Member of Parliament, Rajya Sabha
- In office 3 April 1962 – 2 April 1968
- In office 3 April 1968 – 2 April 1974

Personal details
- Born: 20 September 1903 Amboda, Buldhana district, Maharashtra
- Died: 2 October 1978
- Party: Indian National Congress
- Spouse: Saraswati
- Occupation: Politician, social reformer, biographer

= Pandharinath Sitaramji Patil =

Indian social reformer

Pandharinath Sitaramji Patil (1903–1978) was an Indian social reformer, politician, and activist of the non-Brahmin movement. He was one of the earliest biographer of Jyotirao Phule.

==Early life==
Patil was born to Radhabai and Sitaram Raut on 20 September 1903 at Amboda village in Buldhana district of Berar Province (now in Maharashtra). He had his primary education in Marathi in vernacular schools at Pimpri Adhao and Chandur Biswa.
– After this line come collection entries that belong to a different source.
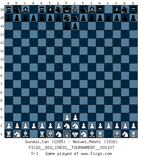 Last move : 0-1 2017 May 5 2:37:49 [Event "FICGS__BIG_CHESS__TOURNAMENT__000107"] [Site "FICGS"] [Date "2017.04.05"] [Round "1"] [White "Gunduz,Can"] [Black "Nezumi,Mashi"] [Result "0-1"] [WhiteElo "1285"] [BlackElo "1316"] 0-1 This big chess game has been lost on time (started : 2017.04.05 2:18:52) Follow this game move after move (download)As one by one I mowed them down, my superiority soon became apparent. (Jose Capablanca) Wenn ein Kopf und ein Buch zusammenstoßen und es klingt hohl, ist es denn allemal im Buche? (Georg Christoph Lichtenberg) Tu eres para mi la Reina en d8 y yo soy el Peón en d7!!. (GM Eduard Gufeld) Vous savez, camarade Pachman, je n'éprouve pas de plaisir à être ministre, je jouerais plutôt aux échecs comme vous, ou alors ferais une révolution au Venezuela. (Che Guevara à Ludek Pachman, 'Checkmate in Prague', 1975) Men should grow up. - Yeah. And dogs should stop licking themselves. It's not gonna happen. (Gregory House to Dr. Cameron, House M.D.)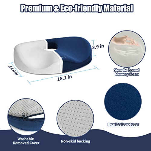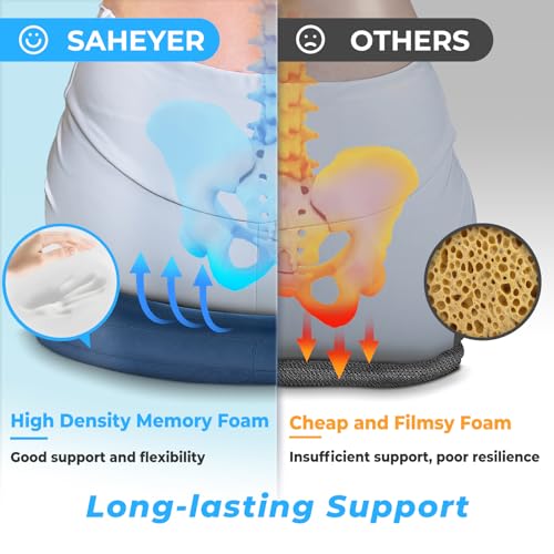 SAHEYER - مخدة بتصميم دونات لتخفيف آلام عظم الذنب والبواسير، من فوم ميموري لعلاج عرق النسا، وسادة جلوس للركبة والأرداف للجنسين للمنزل والمكتب والسيارة، لتوفير راحة أثناء الجلوس لفترات طويلة من ساهير، أزرق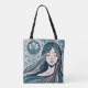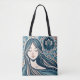 Boho Mosaic Woman Porträtt med Blommigt Blue Art Tygkasse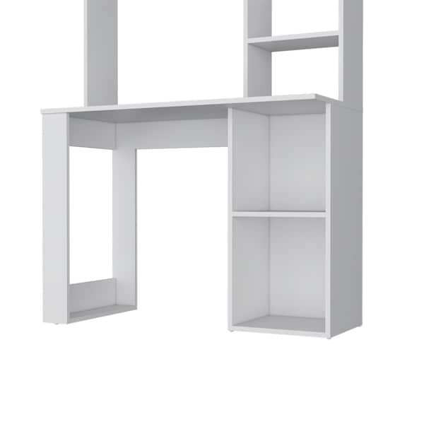 This 39-inch white wood computer desk with hutch will help to turn your office space into an executive suite. With a classic shape and style, this well made rectangular desk is a stylish way to keep your office space looking good. Built to last, this sturdy desk is designed for comfort and efficiency for years to come. 58.3-inch h x 38.8-inch w x 17.7-inch d.
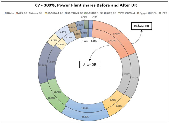 The highest energy cost reductions do not align with the other indicators, ranging from 66,149 to 154,505 dollars. This indicates that the prices should be set based on the priority of the GO, whether direct profit in terms of cost-saving has higher priority or indirect profits by peak reduction and load factor improvement that increase operational performance. The power plant shares for the C7 having the best cost saving at 300% peak price can be seen in Figure 24, where the share of power purchased from IPP3 was reduced from 1.49% to 0.68%.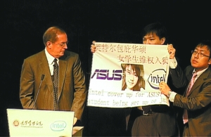 昨日(10月29日,下同),英特爾(Intel)總裁兼CEO歐德寧在北大演講時(shí),華碩天價(jià)索賠案主角之一周成宇忽然沖上臺(tái),舉牌抗議英特爾與華碩聯(lián)合陷害黃靜,隨后被保安架離會(huì)場(chǎng)。周成宇事后稱(chēng),此舉是“為黃靜討個(gè)公道”。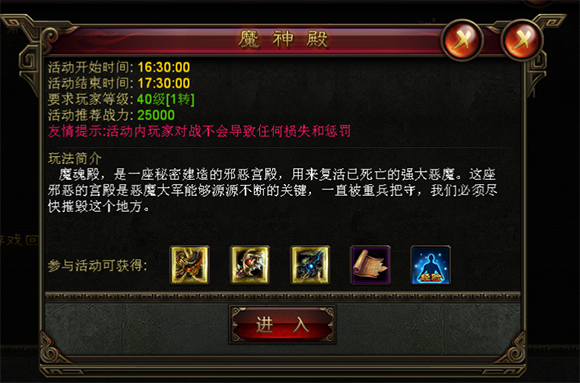 魔神殿,是一座秘密建造的邪恶宫殿,用来复活已死亡的强大恶魔。这座邪恶的宫殿是恶魔大军能够源源不断的关键,一直被重兵把守,我们必须尽快摧毁这个地方。活动开启时间:每天16:30—17:30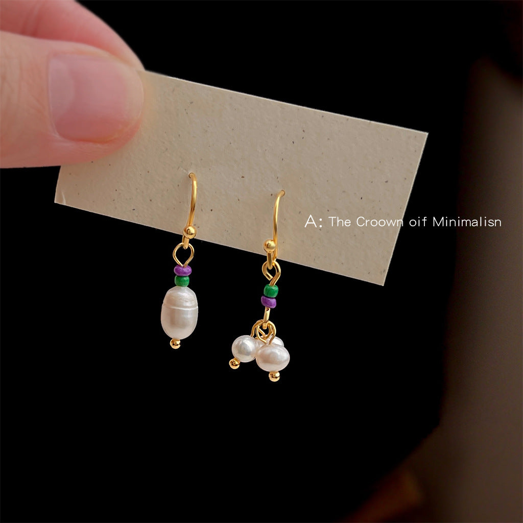 C廠【6521】天然淡水珍珠不對稱設計AB款小巧簡約通勤輕奢風耳環 個性ins耳飾 25.08-2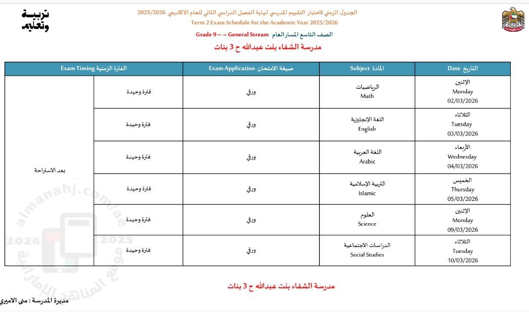 معلومات الملف: الجدول الزمني لاختبار التقيبم المدرسي نهاية الفصل الثاني للصفوف ( التاسع حتى الثاني عشر ) من مدرسة الشفاء بنت عبدالله - بنات و تبدأ الامتحانات يوم 2-3-2026 | ||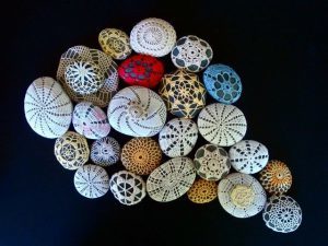 Social media sites can be brutal. They can also be beautiful and #womensart is one. They are on holiday until 01 November, however there are over 21k tweets you can browse through to learn about remarkable artists. The photograph is of ‘Little Urchin Crochet Covered Sea Stones’ by Margaret Oomen.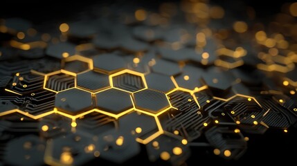 A complex, honeycomb-like structure with glowing, golden elements on a dark, metallic background. The structure appears to be a circuit board or a similar technological design.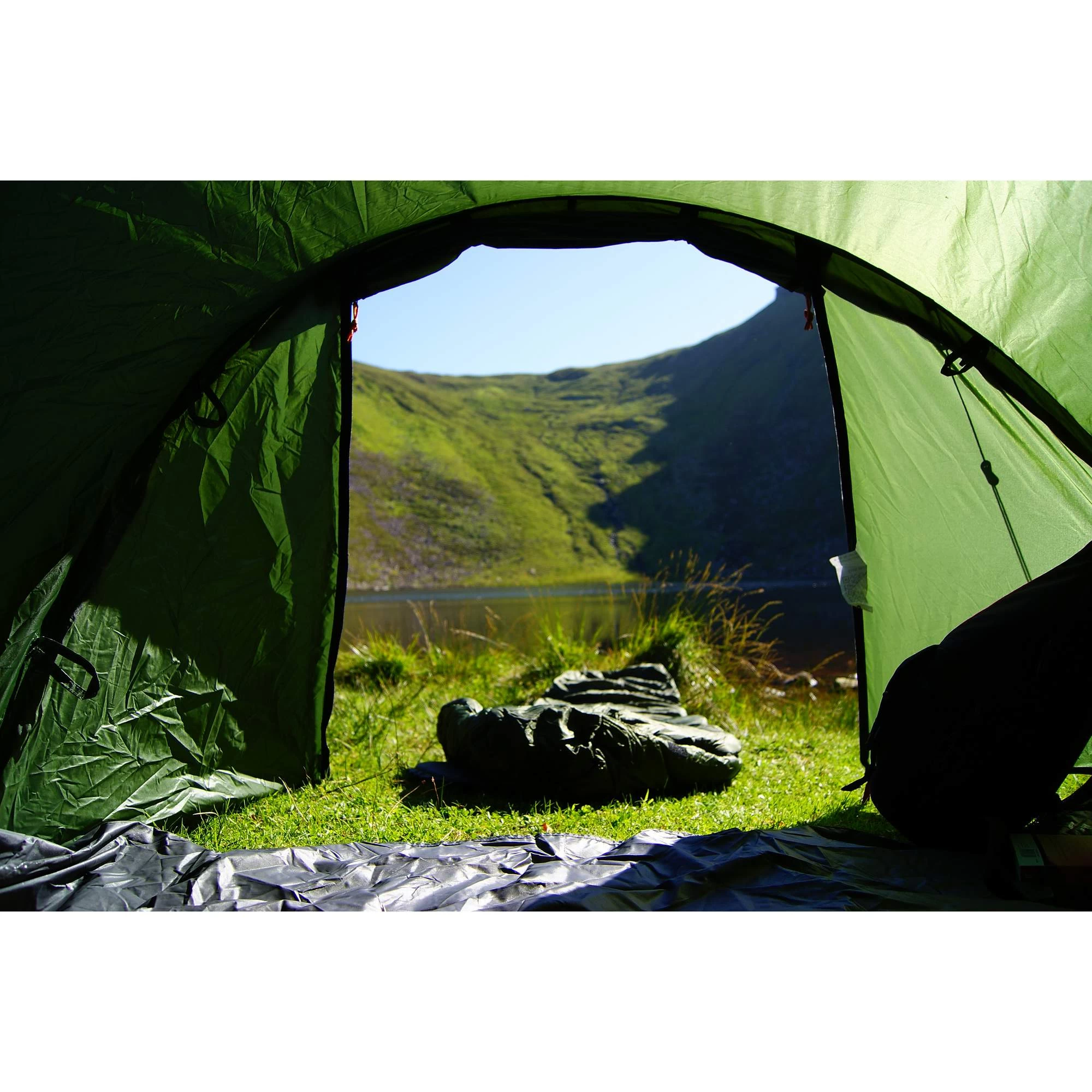 Geht es mit dem Duo allein auf Tour, bietet es Platz für zwei Personen. In der Apsis können Wanderstiefel und Daypacks gelagert werden. Das Innenzelt aus Mesh hält dir Moskitos vom Leib, während du von deinem nächsten Abenteuer träumst. Für ausreichende Belüftung sorgen die beiden aufstellbaren Hochlüfter und der seitliche Tieflüfter.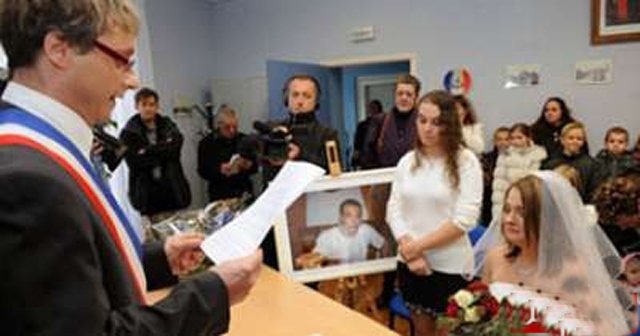 واقعة فريدة من نوعها شهدتها مدينة "نانسي" الفرنسية، حيث أقيم حفل زفاف للعروس "مجللي جورج"، وعريسها الذى توفي قبل موعد العرس بيومين في حادث على دراجته النارية باستخدام صورة العريس بدلا منه في الزفاف.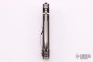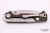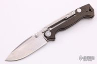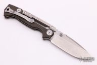 This MG-AD-15 from Andrew Demko features a drop point stonewash finished machine ground blade with swedge, dual thumb studs and notched thumbrest. The handle is comprised of textured black canvas micarta scales, tumbled titanium frame with reversible titanium tip up clip and tumbled titanium backspacer. This knife features a unique "Top Lock" style locking mechanism. Comes with original box. Excellent condition.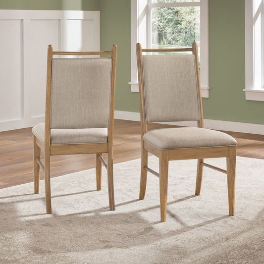 Wood Finish Beige Fabric Dining Chair (Set of 2) - Oak Wash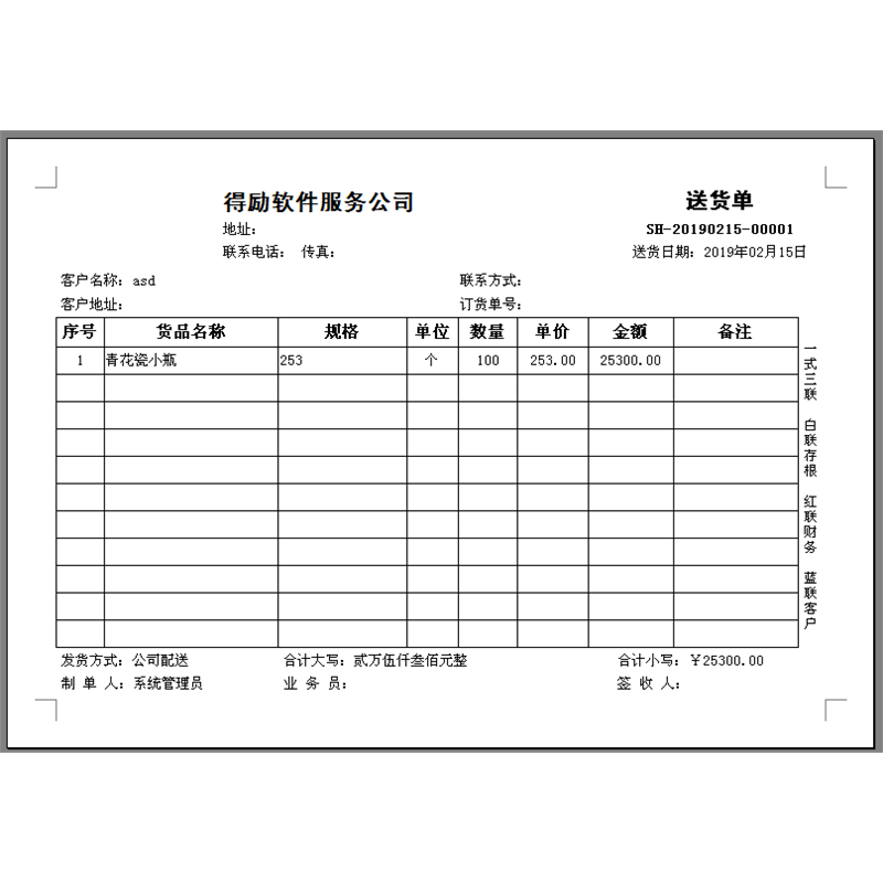 红管家送货单打印软件仓库记账打印软件系统、销售收据订单打印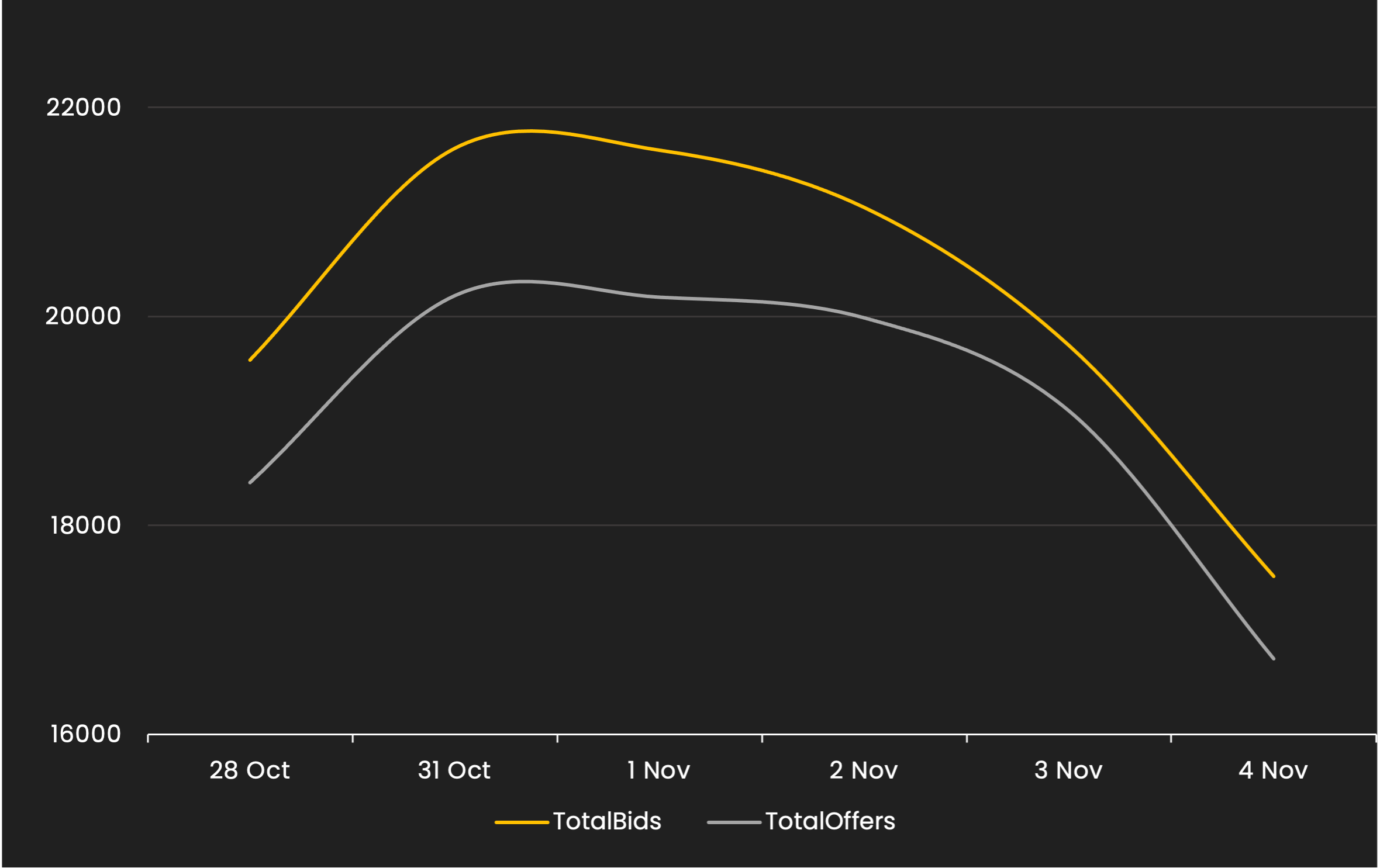 Reveals the total number of quotes by bid and offer between 10/29/21 – 11/5/21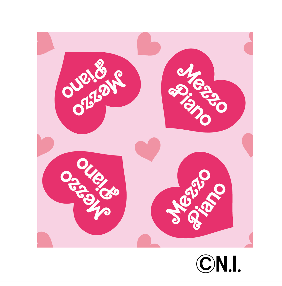 敷紙パステルカラーのピンクを背景に、ハート型のメゾ ピアノブランドロゴをあしらいました。ちらりと見えるワンポイントは写真映え間違いなしです!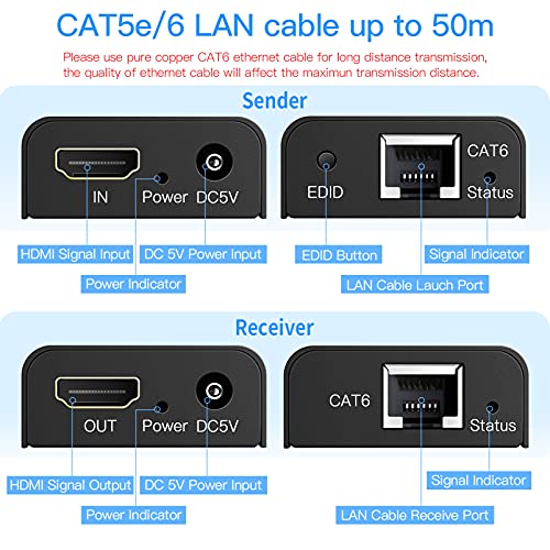 MISOTT HDMI Extender(50 Metri), 1080P HDMI Trasmettitore e Ricevitore, da HDMI a Ethernet Cat6 Cat7 Cavo fino a 164 piedi, HDMI RJ45 Extender Supporta 3D, HDCP, EDID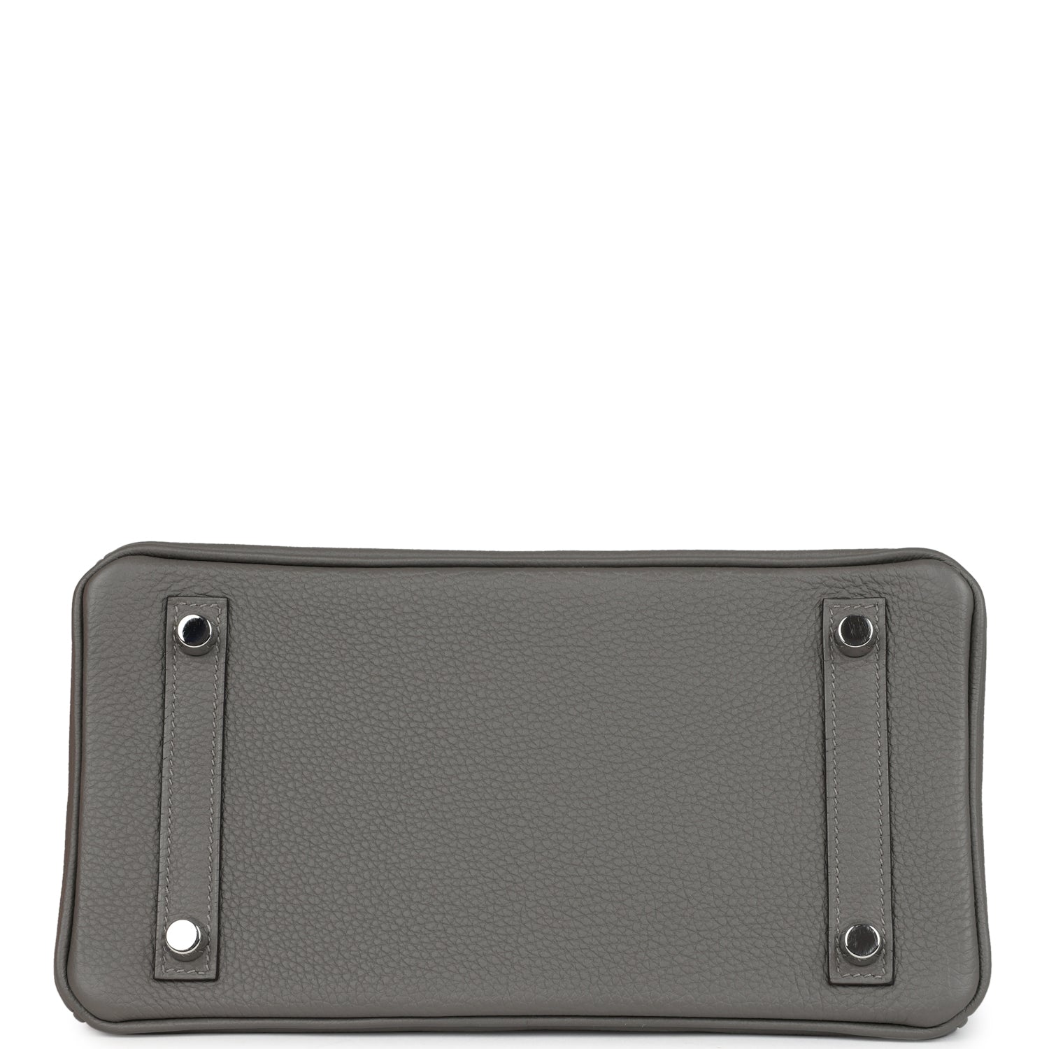 The interior is lined with Gris Meyer chevre and has a zip pocket with an Hermes engraved zipper pull and an open pocket on the opposite side.

According to traditions of those days, he was married at a young age of nine with Saraswati (née Junare) in 1912.

He further had his English education at Pimpalgaon Kale during the years 1917–1919.

==Social work==
Patil was an active member of non-Brahmin movement in the Buldhana district and was greatly inspired by the work of Jyotirao Phule. He started many schools at various places in the district like Jambhuldhaba, Kinhola, Deulgaon Mahi, Mera, Chandol, etc. He also founded a hostel named after Chokhamela. He successfully arranged a session of Satyashodhak Samaj at Amravati in 1925.

==Political career==
Patil started his political career along with his work in non-Brahman movement. Following the Government of India Act 1935, when elections were held in 1937, he ran the elections as a candidate of non-Brahmin party and won the election against a candidate of Indian National Congress. He joined the Congress around the Quit India Movement of 1942. He was a member of Central Provinces and Berar assembly from 1937 to 1952.

After Independence of India, Patil was mostly involved in work in education and agriculture sector. He also took part in Samyukta Maharashtra Samiti in the 1950s.

Patil was elected to the upper house of Parliament of India, Rajya Sabha, in 1962 and was a member for two terms till 1974.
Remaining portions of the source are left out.